Dr. V. M. Katoch: Preaching Empathy, Practicing Apathy

Dr. V. M. Katoch, who once served as Secretary of the Department of Health Research and Director General of the Indian Council of Medical Research (ICMR), was known for preaching the importance of institutional discipline and employee welfare. But when it came to practicing those lofty principles, his record at the National Institute of Pharmaceutical Education and Research (NIPER), S.A.S. Nagar (Mohali), tells a very different story.

At the 71st meeting of the Board of Governors (BoG) in September, with Dr. Katoch in the chair, the discussion turned to student fellowships and delays in issuing No Objection Certificates (NOCs). In front of the members, Dr. Katoch put on the mantle of a reformer. He declared that such “petty issues,” if not handled sensitively, could snowball into discontent among employees and students. He reminded everyone that it was the Director’s responsibility to ensure quick redressal, while the BoG’s role was limited to broad oversight.
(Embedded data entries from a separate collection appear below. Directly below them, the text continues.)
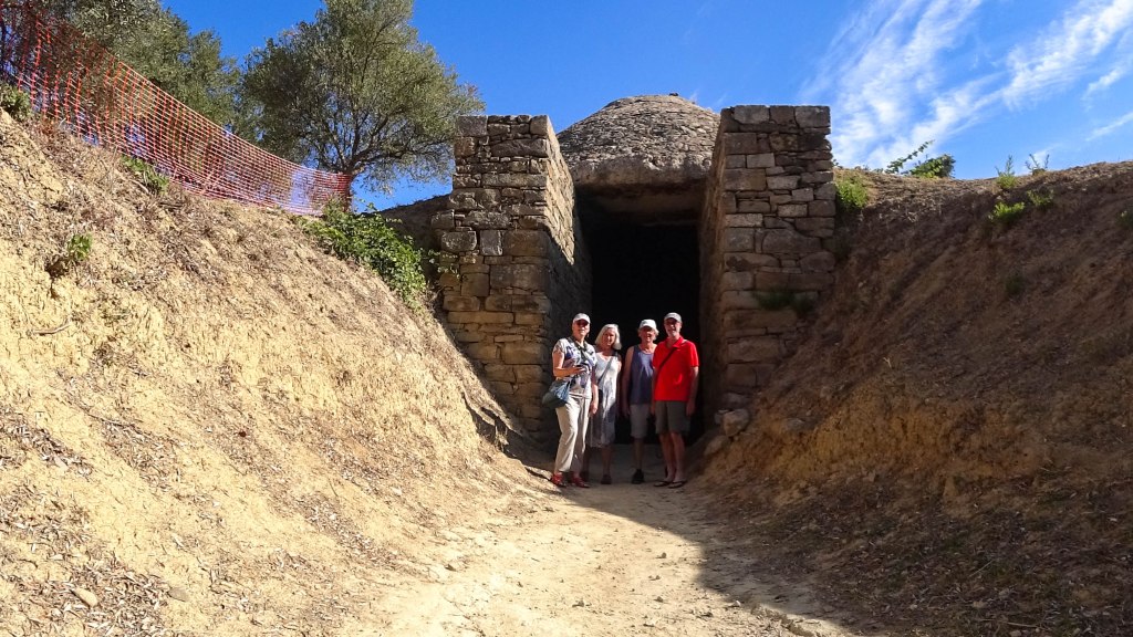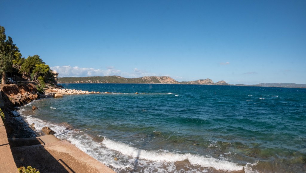 We vervolgen onze wandeling en komen bij de hoefijzervormige Voidokilia-baai. De zee dringt zich hier onstuimig naar binnen door een relatief kleine opening tussen de rotsen. Cockie kan het niet laten en gaat zwemmen in het kraakheldere water. Nou ja, zwemmen, de golven zijn hoog genoeg om zwemmen moeilijk te maken en dobberen makkelijk.
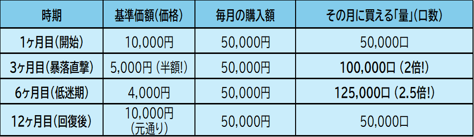 注目すべきは、価格が下がっている時期の「買える量(口数)」です。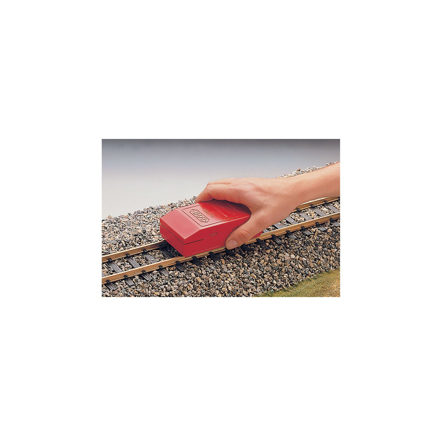 Eine preisgünstige Methode, Ihre Schienen einfach und schonend zu reinigen. Der Handschleifer entfernt Schmutz von den Schienen, ohne diese abzuschleifen. Der 6 mm dicke Reinigungsblock hat eine lange Lebensdauer. Nicht für Nickel-Gleise geeignet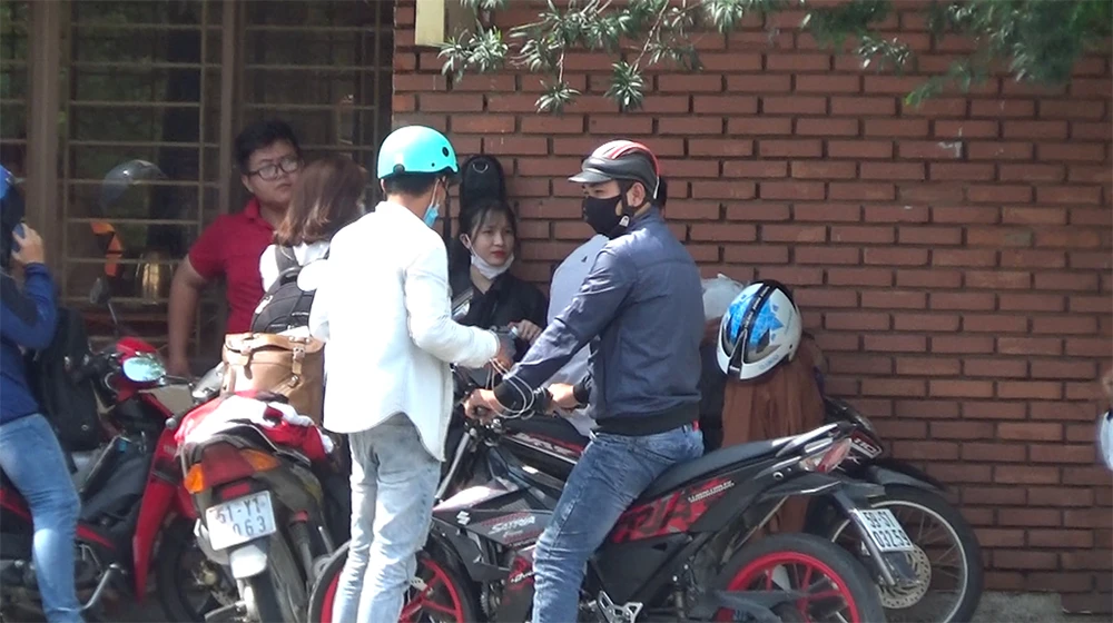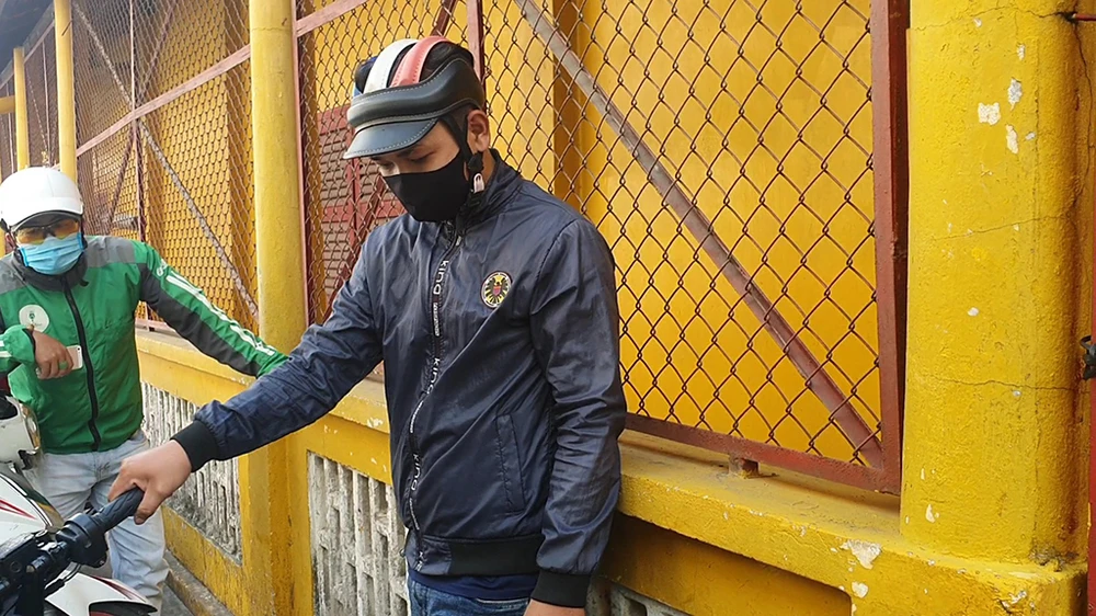 Nam thanh niên chạy xe máy của anh Phi đến trước trường đại học Sư phạm Kỹ thuật TP.HCM để chuẩn bị giao dịch. Ảnh: NGUYỄN YÊN

It sounded noble, and the Board readily endorsed the sermon. The minutes of the meeting faithfully recorded the advice.

The Registrar added nuance, explaining that most applications were processed promptly, but delays sometimes arose due to ministry approvals or employees applying at the last minute. Even so, the Board instructed that systems must be tightened through Standard Operating Procedures, a grievance box in the Director’s office, and dedicated weekly grievance-hearing hours with the Director.

On paper, it looked like Dr. Katoch had delivered a masterclass in empathetic leadership.

But here lies the hypocrisy. The same BoG, under Dr. Katoch and Mr. Rajneesh Tingal, disbanded the Rapid Grievance Redressal Committee (RGRC)—a body created specifically to handle such concerns swiftly and fairly. When the RGRC exposed serious injustices against employees, Dr. Katoch’s tolerance for “grievance redressal” evaporated. Suddenly, he was no longer the champion of fairness he had claimed to be.

The silence of other members, including Dr. Anil Gupta of IIM Ahmedabad, was telling. Later, it emerged that Gupta and Katoch had known each other from past associations—explaining perhaps why Gupta never objected to such arbitrary decisions.

Dr. Katoch’s track record with employees hardly matches his lofty rhetoric. Before my tenure, he was instrumental in the exit of several staff members—Dr. Nilanjan Roy, Dr. Parikshit Bansal, Dr. Neeraj Kumar, Capt. Kshitij Sharma and Mr. Sanjeev Taggar. Employee welfare was hardly a concern at the time. Expediency, not empathy, seemed to guide his actions.

When the RGRC later heard employee cases and highlighted glaring injustices, Dr. Katoch resisted my efforts to undo the damage. Preaching empathy in the BoG while blocking it in practice—that was his style of leadership.

For someone who once led India’s premier health research institution, such contradictions are not just disappointing—they are damaging. A leader who says one thing and does another corrodes trust at the very heart of an institution.

Dr. Katoch liked to posture as the voice of reason and reform, but his tenure at NIPER reveals the truth: his words were for public consumption, his actions for personal convenience. The result was not reform, but cynicism.

In the end, his legacy at NIPER stands as a textbook case of leadership without integrity: a preacher of empathy who practiced apathy.